「Sidney Fernbach賞」は、HPCの革新的な使い方を行ったという業績に対して贈られる賞である。今年のSidney Fernbach賞は東京工業大学(東工大)でTSUBAMEスパコンを開発してきた松岡聡 教授に贈られた。

松岡聡 教授が2014年のSidney Fernbach賞を受賞

「Seymour Cray Computer Engineering賞」は、主にメーカーで優れたスパコンの開発に大きな貢献をしてきた人に与えられ、過去に、元NECの渡辺氏、元富士通の三浦氏が受賞したことがあるが、Sidney Fernbach賞の受賞は、松岡教授が日本人としては初である。

「Ken Kennedy賞」、「Sidney Fernbach賞」、「Seymour Cray賞」の受賞者は、SCで記念講演を行うのが決まりとなっており、SC14において松岡教授が講演を行った。

Sidney Fernbach賞の受賞記念講演を行う松岡教授

松岡教授は、「2022:風変りなスーパーコンピューティング」と題してSidney Fernbach賞受賞記念講演を行った

松岡先生は、1992年ころには東京大学の米澤研究室で、旧電子技術総合研究所の作った80ノードの「EM-4」や富士通研究所が開発し富士通が商品化した512ノードの「AP1000」を使って並列処理システムのソフトウェア研究を行っていた。
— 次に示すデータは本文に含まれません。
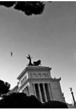
◆條條大路之外，清晰長天亦通羅馬。

八百多年荷南古城Maastricht馬城條約的馬城中心，擁有Flemish風格堅實幽深廣闊教堂多座，教人目不暇給。一步一步；比利時法語區布魯塞爾的教堂跟荷語區完全是另外一種誇耀風格，但跟再南下2個小時的巴黎相比，Olala即變鄉鎮！ 從荷蘭及比利時南下，自城北入巴黎，未至偌大古董市場Clignancourt，老遠望到體態宏偉位於蒙馬特山白色聖心教堂(老派巴黎人眼中，只是一座吸引遊客的俗艷建築物)，真正的藝術巨著是你放棄巴黎鐵塔，錯過參觀等同罪過的巴黎聖母院(需時半天吧，單單表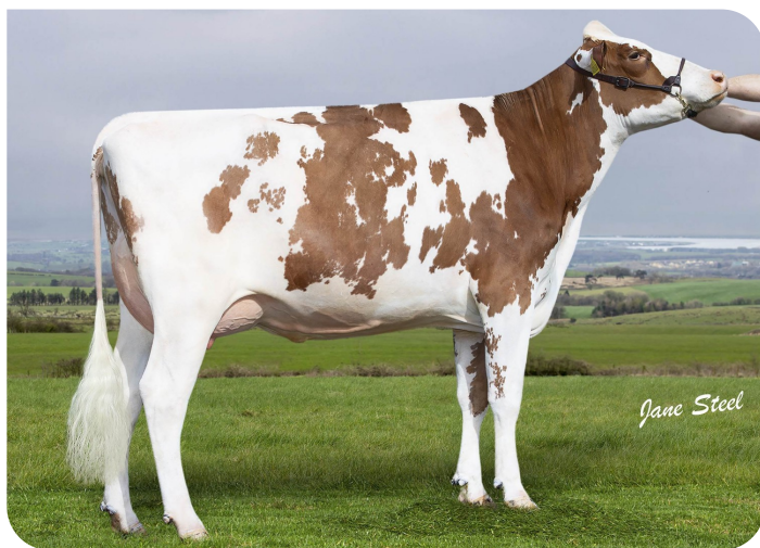
Wyredale Refind Trixie-Red (VG86)(V. Robin Red)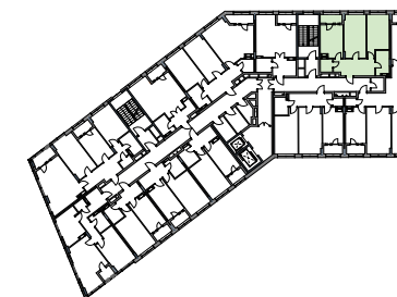
РОЗМІЩЕННЯ КВАРТИРИ НА ПОВЕРСІ

подана інформація та вказані площі мають виключно попередній, ознайомлювальний характер, та можуть бути змінені; К – місце розміщення зовнішнього блоку кондиціонера; висота приміщення – 2,7 м.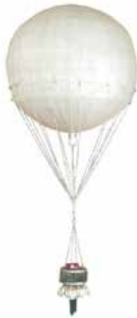
風船爆弾模型

第二次世界大戦の終結から79年。いわき市内に在住の方の学徒動員や風船爆弾基地に関する体験談から、戦時中の記憶をたどります。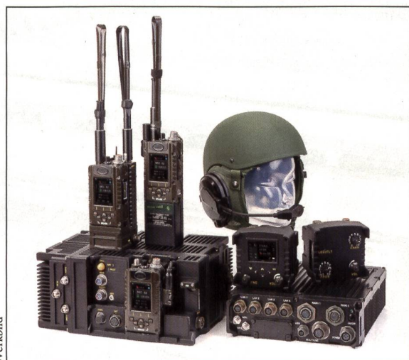
Das Elbit-System mit Boxen links und rechts. Sie sind fest im Fahrzeug eingebaut. Das linke Funkgerät mit Antennen dient dem Chef und das rechte trägt der Soldat. Die Geräte auf Box rechts dienen dem Fahrzeugführer und Beifahrer.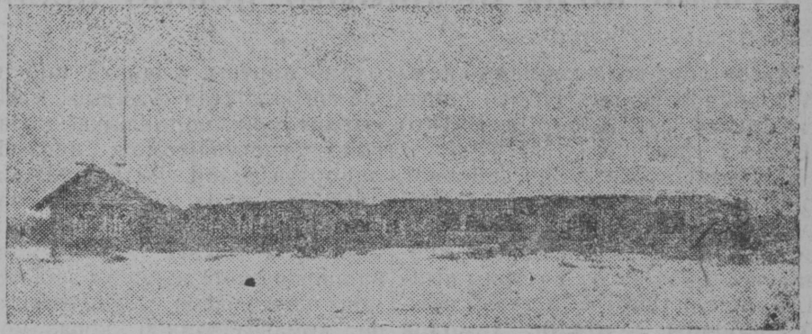
Читајевса коммуналөн выл керка

Партјачејкајас! бөстчөй коты-ртавын гөль группјас, чорчөдөй ку-лак вылө наступатөм паскөдөй массөвөй уж гөль да шөркөдө олысјас костын вөрлөзан да кол-хозстрөитан өд кыпөдөм могыс. Сө-мын тақїкөн вермам течны крепнө цөдув областын пјавїлетка ештө-дан вөб дорывы коллективізатсіја нуөдны да сы подулын кулакөс, кыч классөс бырөдны.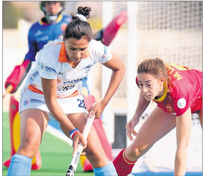
ମହିଳା ହକି: ଭାରତ-ସ୍ୱେନ୍ ମ୍ୟାଚ୍ରେ ଅସ୍ଥିର ମ୍ୟାଚ୍।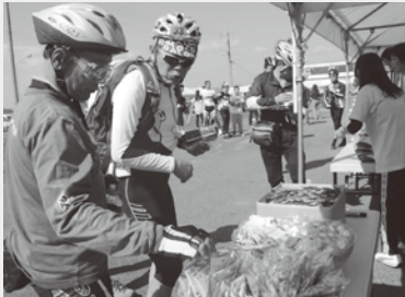
休憩所では尾道特産“銀鱈”いりこでおもてなし。

10月27日、「第2回瀬戸内しまなみ海道サイクリング尾道大会～銀輪パラダイス～」が開催されました。全国から約1,100人が参加していただき、しまなみ海道の景色を堪能することはもちろん、ボランティアスタッフの“おもてなし”にも喜んでいただきました。

単一の巨大ベクトルマシンが主流のその時代には、それは主流ではなく、風変りな変な研究と見られていた。

その後、1996年に東京工業大学に移ったが、予算もわずかで、他から流用した6台のSunワークステーションでグリッドとクラスタのテストベッドを作ったという。

そして、学生たちと一緒に、自分たちで試行錯誤しながらクラスタシステムを作り、1999年から2001年に掛けて「Presto II」と「Presto III」を作って、初めてTop500にランクインした。

学生達と工房を造り大型クラスタを自作した

1999-2001にはPrest IIとIIIを開発し、Top500で438位にランクイン

なお、これらの写真で前に座っている二人は、IEEEの授賞委員会のSidney Fernbach賞選考担当のローレンスバークレイ国立研究所副所長のHorst Simon氏と、招待講演セッション議長のヒューストン大のBarbara Chapman教授である。

このTop500ランクインをばねに、2002年から2003年にかけて~2TFlopsのシステムを作り、さらにその上のTop500での47位を達成した。当時の、東京工業大学の計算センターのメインのマシンは400GFlops程度で、松岡先生のグループが作ったマシンの方が大幅に性能が高かった。

この成功で計算センターの所属になり、これまでの研究マシンの開発から、大学センターの実用機を作る立場になったという。そして小さなクラスタをグリッドとして繋ぐという構成と、大きなクラスタを中心とする構成の両方を持つ東工大のキャンパスグリッドを開発した。これが2002年から2006年のことである。

キャンパスグリッドは約650ノードで2.5TFlopsの性能を持つところまで発展し、多くの実アプリがセンターのスパコンから移植されて使われ、大成功であった。また、小さなクラスタのグリッド接続よりも大きなクラスタに集中した方が、性能・設備・管理など、すべての面で効率が良いことが分かった。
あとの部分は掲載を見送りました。